Triage; process and interventions

All the EDs declared that they performed processes of some kind during triage (Fig. 2).

Fig. 2
figure2

Processes performed in the triage. * VS = vital signs. ** ECG = electrocardiogram. *** Other = for example peripheral intravenous treatment, urine sample, bladder scan, oxygen administration, wound dressing, counselling, pain assessment, treatment of allergic reaction etc.

The majority (96%) performed one or more processes in combinations. Most common was the combination of five processes; blood sample, ECG, X-ray referral, analgesics and VS (27%). Two EDs declared that they did not have a specific triage team, therefore they just answered other processes without specifying what. Seven (14%) of the EDs declared that they did all five specified interventions as well as the non-specified, i.e. other intervention.
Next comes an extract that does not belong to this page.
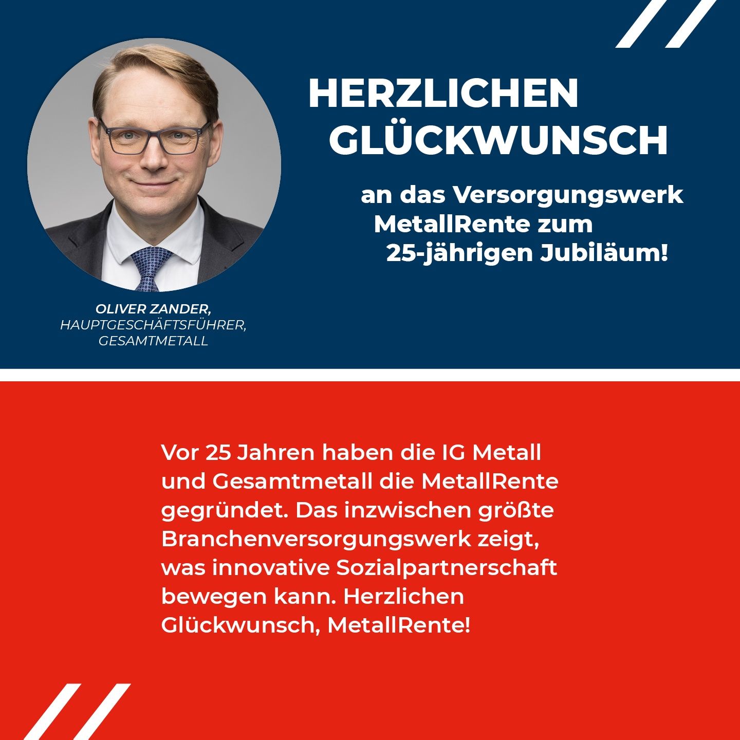 Gesamtmetall ist der Dachverband der Arbeitgeberverbände der M+E-Industrie mit Sitz am Potsdamer Platz in Berlin. Die Metall- und Elektro-Industrie ist die Schlüsselbranche Deutschlands mit über 25.000 Betrieben und rund 3,9 Millionen Beschäftigten.

The intervention fast track, i.e. a special, coherent process for a specific patient/diagnosis, of some kind was performed in 50 (98%) of the EDs (Fig. 3).

Fig. 3
figure3

Fast tracks applied as reported by 50 EDs

The majority (88%) of the EDs applied more than one fast track, most commonly two fast tracks in different combinations (48%). The most common combination was the stroke and the hip fracture, which was performed in 16 (31%) of the EDs, followed by the combination of three fast tracks; the stroke, the hip fracture, and the PCI, reported by eight (16%) EDs.

Triage education

In 44 EDs (86%) triage education was performed mainly as basic education (84%) and mostly during the introduction of new employees (39%). Refreshment courses were applied in 27 (53%) of the EDs. The education was usually executed by the persons with triage responsibility on the ED (57%). In one third of the EDs the education was theoretical, and in seven EDs the education was founded on a combination of theory and practice. The time spent on education varied with a continuum ranging from 15 min to 2 weeks; the most common practice was between 30 min to 2 h (36%). One ED applied three-day training alongside a colleague.

Discussion

The result of the study is based on 51 (75%) Swedish EDs, and confirms the hypothesis that triage in general, and the RETTS© triage scale in particular, has become firmly implemented. Furthermore, the result shows the progression in the use of processes and interventions when triage is carried out, together with introduction and education in triage.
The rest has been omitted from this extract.